__YOUR TASK__. Starting at the line that holds "Земснаряд, который мы" and stopping at the line that holds "在為期一個多小時的時間里,授", restate the records below word for word, with both of those lines included.

__RECORDS SHOWN__.
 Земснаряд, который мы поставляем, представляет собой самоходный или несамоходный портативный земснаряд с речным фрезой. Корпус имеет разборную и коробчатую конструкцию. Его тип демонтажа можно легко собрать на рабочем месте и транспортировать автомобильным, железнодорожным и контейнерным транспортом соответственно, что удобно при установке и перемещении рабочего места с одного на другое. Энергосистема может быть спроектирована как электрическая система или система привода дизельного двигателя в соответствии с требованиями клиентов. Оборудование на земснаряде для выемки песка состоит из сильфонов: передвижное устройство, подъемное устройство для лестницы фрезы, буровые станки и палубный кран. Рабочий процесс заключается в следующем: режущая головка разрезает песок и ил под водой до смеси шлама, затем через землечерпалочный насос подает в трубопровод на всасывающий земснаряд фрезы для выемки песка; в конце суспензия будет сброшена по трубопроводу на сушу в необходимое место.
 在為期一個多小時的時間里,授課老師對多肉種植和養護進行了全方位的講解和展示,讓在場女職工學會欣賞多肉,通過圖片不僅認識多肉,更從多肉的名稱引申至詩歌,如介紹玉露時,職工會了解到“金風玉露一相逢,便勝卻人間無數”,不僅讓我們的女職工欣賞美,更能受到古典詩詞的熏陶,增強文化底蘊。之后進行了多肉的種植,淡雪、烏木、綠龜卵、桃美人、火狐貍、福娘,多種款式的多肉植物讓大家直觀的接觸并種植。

---

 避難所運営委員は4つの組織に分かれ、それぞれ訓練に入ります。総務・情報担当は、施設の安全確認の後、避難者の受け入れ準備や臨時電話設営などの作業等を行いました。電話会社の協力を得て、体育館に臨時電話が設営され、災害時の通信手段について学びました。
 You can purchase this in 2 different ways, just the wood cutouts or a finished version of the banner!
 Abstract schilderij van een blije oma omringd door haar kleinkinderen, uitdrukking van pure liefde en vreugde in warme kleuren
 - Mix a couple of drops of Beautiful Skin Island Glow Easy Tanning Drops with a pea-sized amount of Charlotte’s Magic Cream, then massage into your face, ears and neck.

__SOLUTION BELOW__.
 Земснаряд, который мы поставляем, представляет собой самоходный или несамоходный портативный земснаряд с речным фрезой. Корпус имеет разборную и коробчатую конструкцию. Его тип демонтажа можно легко собрать на рабочем месте и транспортировать автомобильным, железнодорожным и контейнерным транспортом соответственно, что удобно при установке и перемещении рабочего места с одного на другое. Энергосистема может быть спроектирована как электрическая система или система привода дизельного двигателя в соответствии с требованиями клиентов. Оборудование на земснаряде для выемки песка состоит из сильфонов: передвижное устройство, подъемное устройство для лестницы фрезы, буровые станки и палубный кран. Рабочий процесс заключается в следующем: режущая головка разрезает песок и ил под водой до смеси шлама, затем через землечерпалочный насос подает в трубопровод на всасывающий земснаряд фрезы для выемки песка; в конце суспензия будет сброшена по трубопроводу на сушу в необходимое место.
 在為期一個多小時的時間里,授課老師對多肉種植和養護進行了全方位的講解和展示,讓在場女職工學會欣賞多肉,通過圖片不僅認識多肉,更從多肉的名稱引申至詩歌,如介紹玉露時,職工會了解到“金風玉露一相逢,便勝卻人間無數”,不僅讓我們的女職工欣賞美,更能受到古典詩詞的熏陶,增強文化底蘊。之后進行了多肉的種植,淡雪、烏木、綠龜卵、桃美人、火狐貍、福娘,多種款式的多肉植物讓大家直觀的接觸并種植。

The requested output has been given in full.